Many of us find ourselves in violent, little battles with them throughout the course of our day to day lives. Staring contests on the bus. Trying not to step on them as they run around our feet in Starbucks. And, the worst of the worst, having to endure listening to their howls as the throw a tantrum that their mother won’t buy them the reduced-price loaf of bread that they must have. We smile, of course, and nod. Or we stare fixedly at a point in space to studiously ignore the child’s scream. And then we forget them.

But what if we couldn’t?

What if that child followed you home?

Synopsis of Kealan Patrick Burke’s Sour Candy

That’s the situation Phil Pendleton finds himself in as he leaves the local supermarket after a quick trip to pick up snacks for himself and his girlfriend, Lori. After noticing a haggard mother and oddly dressed little boy having a battle of wills over a bag of sour candy, Phil finds himself in a car crash with the woman and her boy. As he lays prostrate on the road, she comes up to him, leans over him, and promises “yours now.”

And then she’s gone.

What follows in Kealan Patrick Burke’s Sour Candy is a surrealist journey through seventy-four pages of a novella that thrusts fatherhood, madness, and a diet consisting of only the titular sour candy for Phil Pendleton and Adam, the son no one believes can’t be his.

Parenthood in Horror

Horror is a fantastic genre for studying modern cultural attitudes and fears.
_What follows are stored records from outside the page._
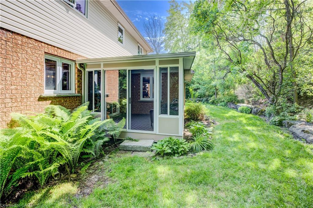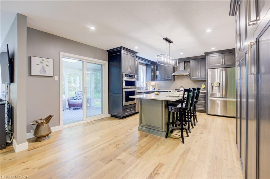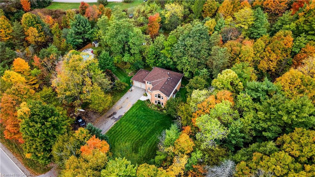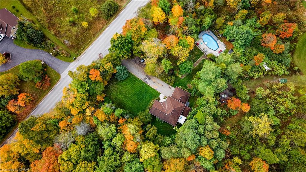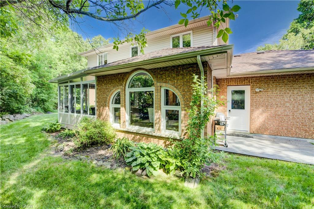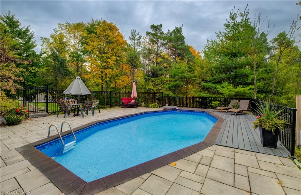 Welcome to your private oasis in the heart of Puslinch, a peaceful country setting just minutes from all amenities, backing onto Victoria Park Valley Golf Club. Set on 1.4 acres of tree-lined privacy, this 4-bedroom, 2.5-bathroom home is as beautiful inside as it is outside. With beautiful snowfalls, the landscaped property offers a peaceful backdrop for cozy nights in. And when summer rolls in, the property transforms into a perfect outdoor retreat, offering multiple spaces to relax and entertain. Play lawn games on the open yard space, enjoy al fresco dining in the outdoor kitchen beside a tranquil waterfall, or unwind by the saltwater pool tucked away among mature trees. With unique local experiences nearby, from snow yoga sessions with friendly alpacas, to walking out your back door for a quick round of golf, you’ll love the year-round charm this community offers. Inside, the home has been thoughtfully updated to blend modern comfort with timeless style. The main floor renovation (2022) features hardwood flooring, fresh paint, updated lighting, and a stunning kitchen with Corian countertops and backsplash, custom cabinetry, stainless steel appliances including a built-in oven and microwave, and an expansive island—ideal for casual meals or gathering with friends and family. You’ll love the sunlit living room with large windows overlooking the private backyard, and the 3-season sunroom offers a quiet retreat to relax. Upstairs, you’ll find four generously sized bedrooms. The primary suite includes his-and-hers closets and a renovated 4-piece ensuite with an oversized walk-in shower, while the updated 5-piece bathroom serves the rest of the family with ease. The lower level, finished in 2025, adds even more space for everyone to enjoy. It features a cozy rec room, games area, and a bonus room—perfect for a home office, gym, or guest accommodations.
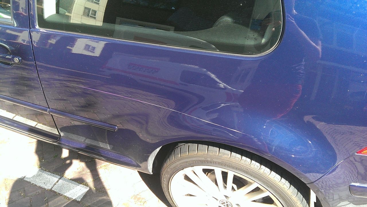 Los van de verzekeringen/wie gaat dokken, die kras zit deze erg diep? En zijn er deuken? Met wat geluk en de juiste spullen kan je die kras toch grotendeels wegkrijgen. Kan alleen niet zien of het gedeukt is op die foto. Maar uitdeuken is volgens mij rond de 50 euro per flinke deuk of iets in die richting. Dat het een klein beetje zichtbaar blijft lijkt me minder erg dan 100en euro's dokken, terwijl de fietser schuld erkend maar niet de volle mep wilt dokken.
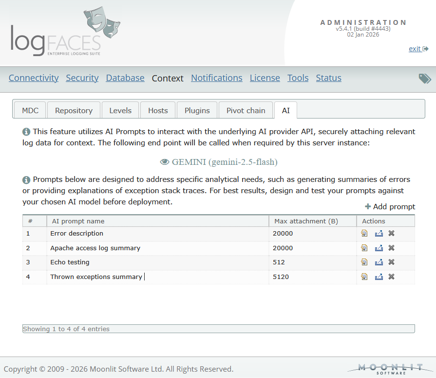 - Custom AI Prompts: We’ve introduced a prompt administration. You can now design and store environment-specific prompts—such as "Exception Analyzer" or "Daily Summary"—tailored to your specific stack. These prompts are sent to your chosen AI provider alongside relevant logs.

Largely, it is one of the quickest genres to react to major changes and trends that impact most of our lives.

Parents, and how they navigate parenthood, is one of these rapidly changing structures of our society.

Mostly because you can never do everything right.

Or, at least, it’s easy to feel that way.

We’ve all days when scrolling through social media when every second post seems to be about someone getting pregnant, or some kid’s first day at school, or some other milestone that means exceedingly little to you but a massive amount for the parent posting it.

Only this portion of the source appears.